Secondo il sindacato, infatti, il rischio è quello di normalizzare progressivamente l’idea che il Servizio sanitario nazionale non sia più sufficiente e debba essere affiancato da strumenti assicurativi legati alla posizione lavorativa. Una soluzione che consentirebbe di aggirare il problema delle liste d’attesa senza intervenire sulle cause che le producono.

Usb solleva inoltre il tema della gestione dei dati sanitari, affidata alle compagnie coinvolte nella copertura: UniSalute, Poste Assicura e Intesa Sanpaolo Protezione.

Sul tavolo rimane poi la questione delle priorità per il comparto scuola. Il sindacato ricorda le rivendicazioni aperte sul rinnovo contrattuale, sulla perdita di potere d’acquisto degli stipendi, sulla stabilizzazione dei precari e sulle assunzioni necessarie per ridurre il ricorso strutturale alle supplenze. Una polizza sanitaria, sostiene Usb, può rappresentare un vantaggio concreto per chi ne usufruisce, ma non può sostituire interventi sul salario e sulla stabilità del lavoro.

La misura contestata dal sindacato è operativa da mercoledì 10 settembre. Il Ministero ha messo a disposizione del personale scolastico una polizza sanitaria integrativa gratuita gestita da UniSalute in coassicurazione con Poste Assicura e Intesa Sanpaolo Protezione. La platea indicata supera 1,2 milioni di dipendenti.

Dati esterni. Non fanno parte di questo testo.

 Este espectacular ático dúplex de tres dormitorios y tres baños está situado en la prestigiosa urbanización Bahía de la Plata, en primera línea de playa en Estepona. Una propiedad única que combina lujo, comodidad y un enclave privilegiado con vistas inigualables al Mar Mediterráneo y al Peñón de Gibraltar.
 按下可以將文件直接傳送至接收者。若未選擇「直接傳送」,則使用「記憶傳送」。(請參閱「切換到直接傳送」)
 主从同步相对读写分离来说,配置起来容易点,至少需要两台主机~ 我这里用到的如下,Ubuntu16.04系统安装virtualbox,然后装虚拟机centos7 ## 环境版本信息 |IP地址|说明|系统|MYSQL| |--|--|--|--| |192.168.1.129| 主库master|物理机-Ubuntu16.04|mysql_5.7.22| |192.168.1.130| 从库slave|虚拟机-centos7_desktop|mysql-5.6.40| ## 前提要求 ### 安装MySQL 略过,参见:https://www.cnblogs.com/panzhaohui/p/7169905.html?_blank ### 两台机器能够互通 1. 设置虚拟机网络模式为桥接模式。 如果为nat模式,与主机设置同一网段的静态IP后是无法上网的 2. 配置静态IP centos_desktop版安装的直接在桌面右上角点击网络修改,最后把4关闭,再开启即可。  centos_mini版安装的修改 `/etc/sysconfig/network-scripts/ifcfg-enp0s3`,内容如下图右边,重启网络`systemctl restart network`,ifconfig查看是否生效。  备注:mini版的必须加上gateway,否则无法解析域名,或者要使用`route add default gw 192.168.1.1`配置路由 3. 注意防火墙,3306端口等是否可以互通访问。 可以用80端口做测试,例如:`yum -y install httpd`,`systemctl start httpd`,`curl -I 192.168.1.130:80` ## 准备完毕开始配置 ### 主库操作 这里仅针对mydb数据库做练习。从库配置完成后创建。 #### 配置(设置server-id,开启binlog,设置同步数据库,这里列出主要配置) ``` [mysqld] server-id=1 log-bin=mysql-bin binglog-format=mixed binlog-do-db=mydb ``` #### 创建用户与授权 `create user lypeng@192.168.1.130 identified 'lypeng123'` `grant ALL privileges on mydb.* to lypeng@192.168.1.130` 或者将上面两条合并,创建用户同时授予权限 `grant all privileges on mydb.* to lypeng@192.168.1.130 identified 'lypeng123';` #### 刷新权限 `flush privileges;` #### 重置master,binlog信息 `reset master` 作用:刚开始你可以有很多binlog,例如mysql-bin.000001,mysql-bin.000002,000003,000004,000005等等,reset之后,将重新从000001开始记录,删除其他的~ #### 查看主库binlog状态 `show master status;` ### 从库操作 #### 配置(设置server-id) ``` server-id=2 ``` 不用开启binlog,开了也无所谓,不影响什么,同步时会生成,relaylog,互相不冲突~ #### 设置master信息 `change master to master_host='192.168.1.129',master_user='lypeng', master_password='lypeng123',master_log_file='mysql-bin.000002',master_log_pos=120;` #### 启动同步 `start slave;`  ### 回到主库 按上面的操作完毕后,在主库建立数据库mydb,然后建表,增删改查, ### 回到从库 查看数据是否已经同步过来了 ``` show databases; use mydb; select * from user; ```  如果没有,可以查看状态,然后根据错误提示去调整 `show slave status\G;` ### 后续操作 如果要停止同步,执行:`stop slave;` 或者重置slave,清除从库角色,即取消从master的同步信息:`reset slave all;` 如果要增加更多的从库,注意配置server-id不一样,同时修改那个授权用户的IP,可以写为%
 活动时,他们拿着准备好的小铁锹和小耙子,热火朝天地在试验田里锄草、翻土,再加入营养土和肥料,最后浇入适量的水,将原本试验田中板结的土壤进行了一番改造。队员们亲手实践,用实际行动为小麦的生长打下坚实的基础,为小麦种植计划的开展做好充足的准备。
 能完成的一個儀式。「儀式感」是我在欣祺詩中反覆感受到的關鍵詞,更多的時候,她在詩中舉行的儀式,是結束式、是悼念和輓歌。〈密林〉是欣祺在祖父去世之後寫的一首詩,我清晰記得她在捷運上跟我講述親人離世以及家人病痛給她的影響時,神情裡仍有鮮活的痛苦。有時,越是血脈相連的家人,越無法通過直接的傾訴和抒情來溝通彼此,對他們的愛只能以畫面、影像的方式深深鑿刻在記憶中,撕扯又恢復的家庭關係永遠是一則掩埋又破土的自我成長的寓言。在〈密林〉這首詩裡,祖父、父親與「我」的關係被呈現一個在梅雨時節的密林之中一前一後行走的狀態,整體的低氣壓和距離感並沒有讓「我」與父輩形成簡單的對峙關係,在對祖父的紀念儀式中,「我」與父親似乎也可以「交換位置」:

Possono aderire docenti, Dsga e personale Ata a tempo indeterminato, i supplenti con contratto annuale fino al 31 agosto o fino al termine delle attività didattiche del 30 giugno, il personale utilizzato nelle scuole statali, i dirigenti scolastici e il personale amministrativo del Ministero. Restano invece esclusi, oltre ai supplenti brevi, il personale delle Province autonome di e Bolzano e della Valle d’Aosta, quello comandato presso altre amministrazioni e chi abbia già compiuto 71 anni al momento della decorrenza della copertura.

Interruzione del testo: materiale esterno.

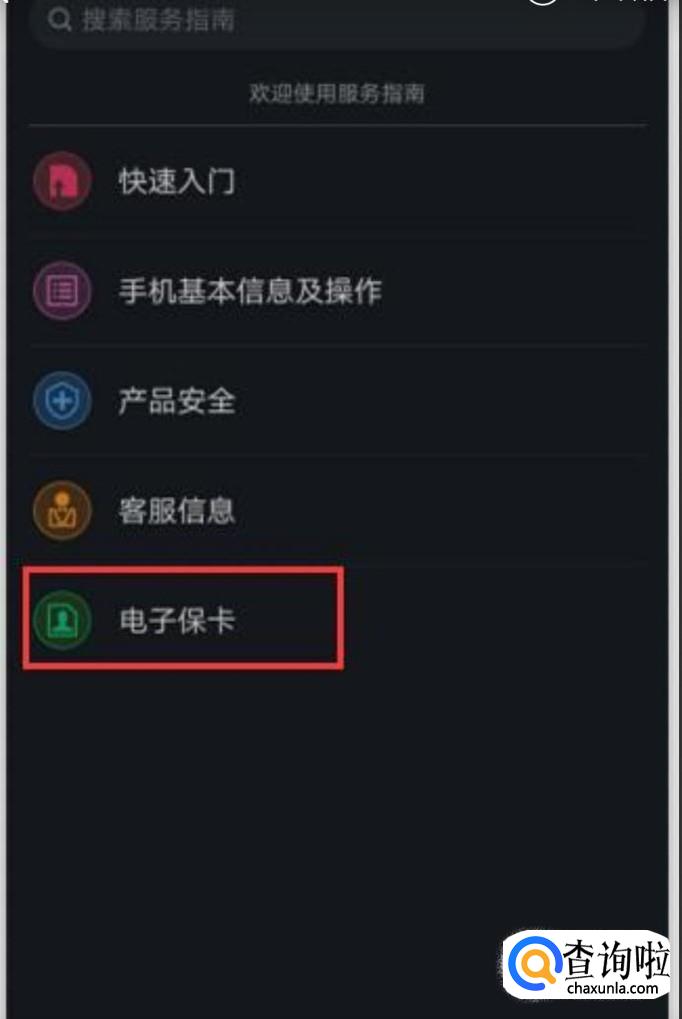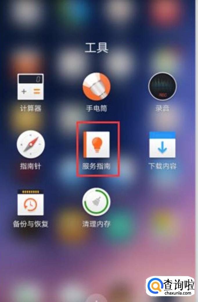 打开手机并且在桌面上点击服务指南。
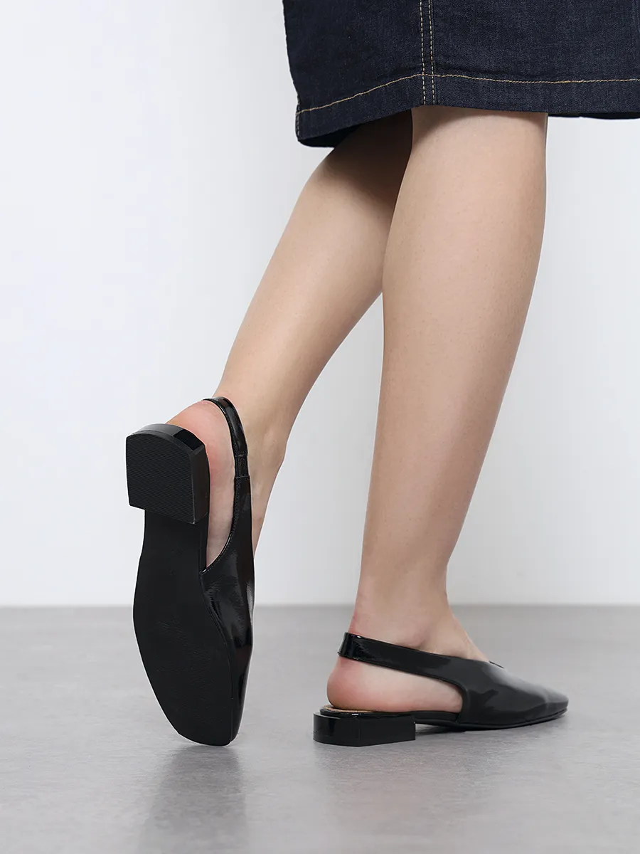 Туфли женские летние, цвет черный, натуральная кожа и полимерные материалы

L’adesione non avviene automaticamente. Il personale interessato deve accedere all’area riservata del portale del Ministero tramite Spid, Cie o Cns e selezionare il servizio dedicato all’assicurazione sanitaria integrativa. Una volta espressa, l’adesione è irrevocabile e rimane valida fino alla scadenza del contratto per il personale a tempo determinato o fino alla cessazione dal servizio per quello di ruolo.

L’attivazione, inoltre, non è immediata. Dopo la richiesta occorre attendere la trasmissione dei nominativi a UniSalute e il Ministero suggerisce di aspettare almeno venti giorni prima di registrarsi sul portale o sull’app della compagnia assicurativa. Il numero verde dedicato all’assistenza sulle garanzie previste, le prestazioni e i rimborsi sarà attivo dal 30 settembre.

Una misura che può dunque tradursi in un beneficio concreto per una larga parte del personale scolastico, ma che per Usb lascia aperta una questione più ampia: se la risposta alle difficoltà di accesso alle cure debba passare dall’estensione delle assicurazioni integrative oppure dal rafforzamento della sanità pubblica. Per il sindacato la strada deve essere la seconda, insieme a maggiori salari e alla riduzione della precarietà che continua a caratterizzare una parte consistente del lavoro nella scuola.